Piero Lionello, climatologo e docente all’Università del Salento, ha rilasciato un intervento in esclusiva all’Osservatorio Economico e Sociale Riparte l’Italia in occasione del webinar dal titolo “Dalle Alpi al Mediterraneo, come impatta il cambiamento climatico”. L’evento è stato moderato da Carlo Cacciamani, direttore dell’agenzia ItaliaMeteo, e ha visto come ospite anche Elisa Palazzi, climatologa e docente all’Università di Torino; e Antonello Pasini, climatologo e ricercatore per il CNR.

Credo che il tema dell’acqua sia uno dei più rilevanti nel Mediterraneo; quindi, vorrei affrontare con il professor Piero Lionello il tema della scarsità della risorsa idrica.

«Ecco una sintesi dell’IPCC per il Mediterraneo, Working Group 1, che indica la criticità dei cambiamenti climatici che avranno luogo in questa area. Per molti aspetti legati alle caratteristiche di questi cambiamenti e alla vulnerabilità delle società e degli ecosistemi, il Mediterraneo viene considerato un hotspot del cambiamento climatico. Si può vedere una rappresentazione grafica di come questi cambiamenti – in termini di precipitazioni intense, ondate di calore – impatteranno sul Mediterraneo. Come associato in alcune zone un aumento delle inondazioni prodotte dai fiumi, ondate di calore – dobbiamo ricordare nel 2003 circa 30.000 morti in Europa – e scarsità di risorse idriche, con potenziali effetti negativi su raccolti e popolazione, e anche incendi».

«Cosa si intende per scarsità di risorse idriche, aridità e siccità? Per aridità si intende le condizioni climatiche che abbiamo nei deserti e nelle steppe. Il cambiamento climatico indica uno spostamento verso il nord delle zone aride, dal Nord Africa sulla parte meridionale dell’Europa. Per siccità invece si intendono degli eventi caratterizzati da scarsezza di acqua. Questo, però, può avere vari connotati. Si può avere semplicemente assenza di precipitazioni – siccità meteorologica. Si può avere scarsità di acqua nei fiumi, nei lagni e nelle riserve idriche – siccità idrologica. Oppure si può parlare di scarsità di acqua nel terreno. Il terreno diventa secco».

«Sono aspetti collegati ma distinti. Una siccità meteorologica è innescata da un’alterazione dei regimi meteorologici, dal passaggio di cicloni nell’area mediterranea o di altri eventi anche di dimensioni inferiori, che producono precipitazioni. Una siccità colturale o ecologica, cioè assenza di umidità nel terreno è prodotta da un’assenza di precipitazioni ma anche dall’aumento di evaporazione».

«L’aumento di evaporazione su un certo tipo di terreno è una certezza del cambiamento climatico, perché è collegato all’aumento della temperatura. All’aumentare della temperatura aumenta anche la capacità dell’atmosfera di assorbire l’umidità del suolo. La scarsità di acqua nei serbatoi è determinata dall’assenza di precipitazioni, dall’aumento dell’evapotraspirazione, ma può anche determinata da cause non climatiche, quale l’eccesso d’uso delle risorse idriche, sia per vari settori produttivi, sia per l’agricoltura».
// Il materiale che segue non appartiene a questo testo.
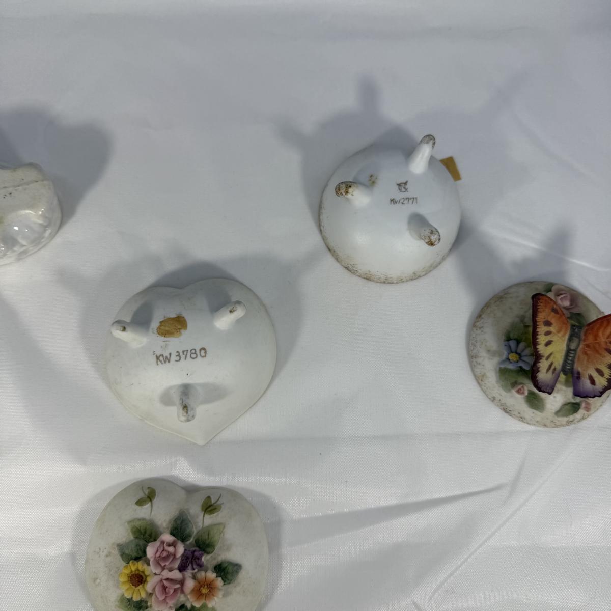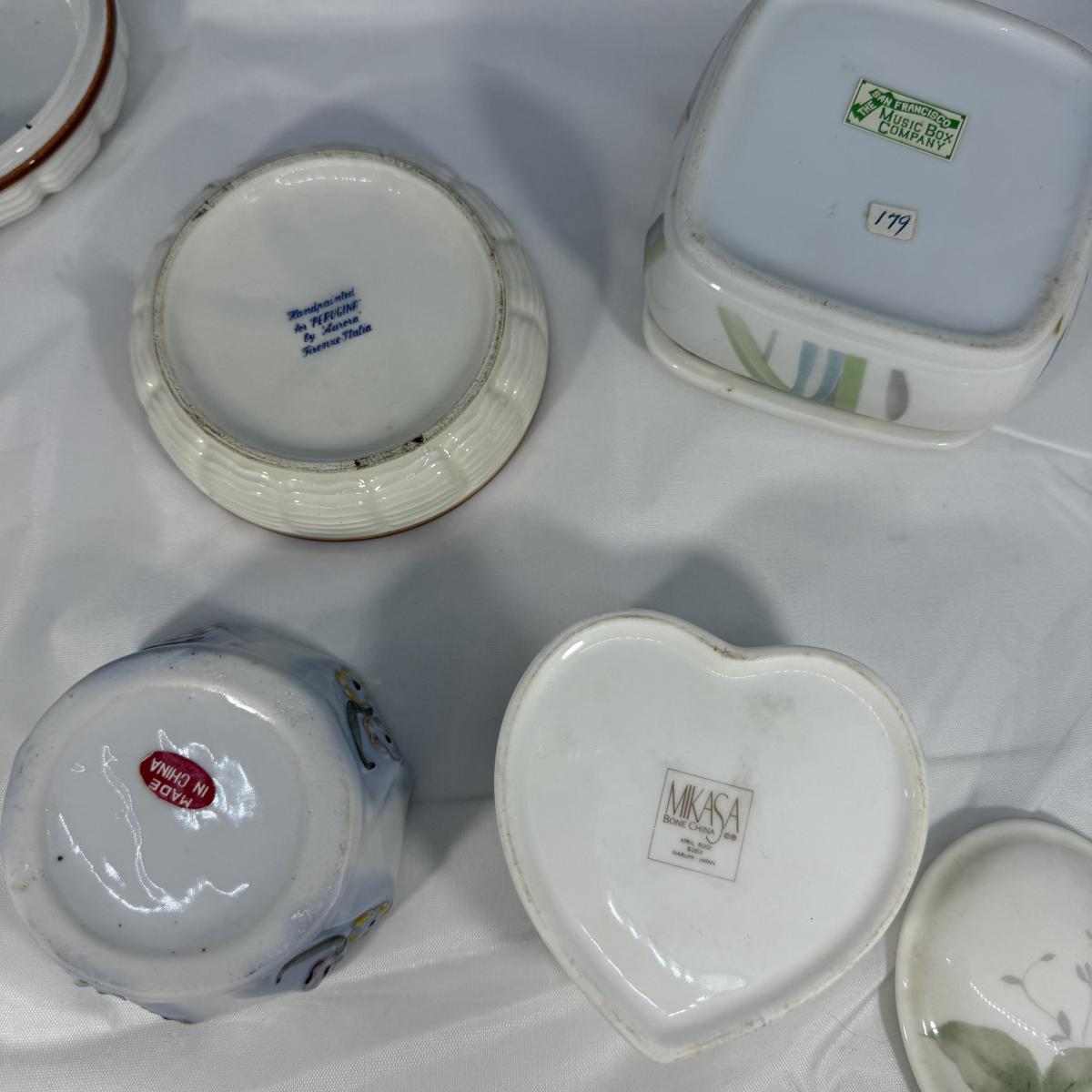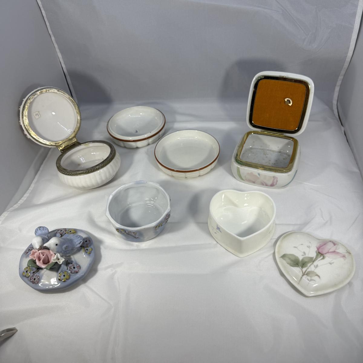 This lot contains 18 trinket boxes, all of which appear to be bone china or porcelain. Included are at least two Capodimonte boxes both with gorgeous petal details. The small one with a single flower measures 2”D x 2”H. The large Capodimonte box has three flowers but there is a petal that chipped off, this piece measures 3.5”D x 3”H. See pictures for full inventory. Some boxes could use some detailed cleaning.

«Cosa ci si aspetta nel futuro del Mediterraneo in termini di precipitazioni? Ci si aspetta una diminuzione. È una cosa su cui i modelli hanno un notevole consenso. Una diminuzione delle precipitazioni che ha dei connotati diversi nella stagione invernale e nella stagione estiva. Durante la stagione invernale, la diminuzione occupa la fascia centrale del Mediterraneo, mentre il bordo settentrionale della regione è soggetto o a un lieve aumento o a nessun cambiamento significativo. Durante l’estate, invece, quello che avviene è che le diminuzioni occupano tutta la parte superiore del Mediterraneo. La parte inferiore rimane già secca durante la stagione estiva. L’aspetto piacevole dell’estate mediterranea che la rende anche molto attraente dal punto di vista turistico».

«In alcune zone delle Alpi, invece, la precipitazione è molto intensa durante la stagione estiva, ci sono addirittura dei massimi annuali in certe aree del nord-est. Di conseguenza questa diminuzione è estremamente importante per queste aree. Mentre questa precipitazione è drammatica per questa parte centrale del Mediterraneo, perché la stagione estiva è secca e in questa stagione quelle aree del mediterraneo accumulano le risorse idriche che poi verranno utilizzate per tutto l’anno».

«Una conseguenza di questa, combinata al riscaldamento, è la diminuzione dell’acqua nei bacini fluviali, nei fiumi, nei serbatoi. Questa diminuzione dipende tantissimo dal riscaldamento globale. Si passa da un valore quasi trascurabile su grand parte dell’Europa e del Nord Africa, nel caso che si contenga il riscaldamento globale al di sotto del grado e mezzo; fino a una zona che vede diminuzioni fino al 100% in una parte sostanziale della regione. Il messaggio qui è che questo cambiamento dipende molto dall’intensità del riscaldamento globale».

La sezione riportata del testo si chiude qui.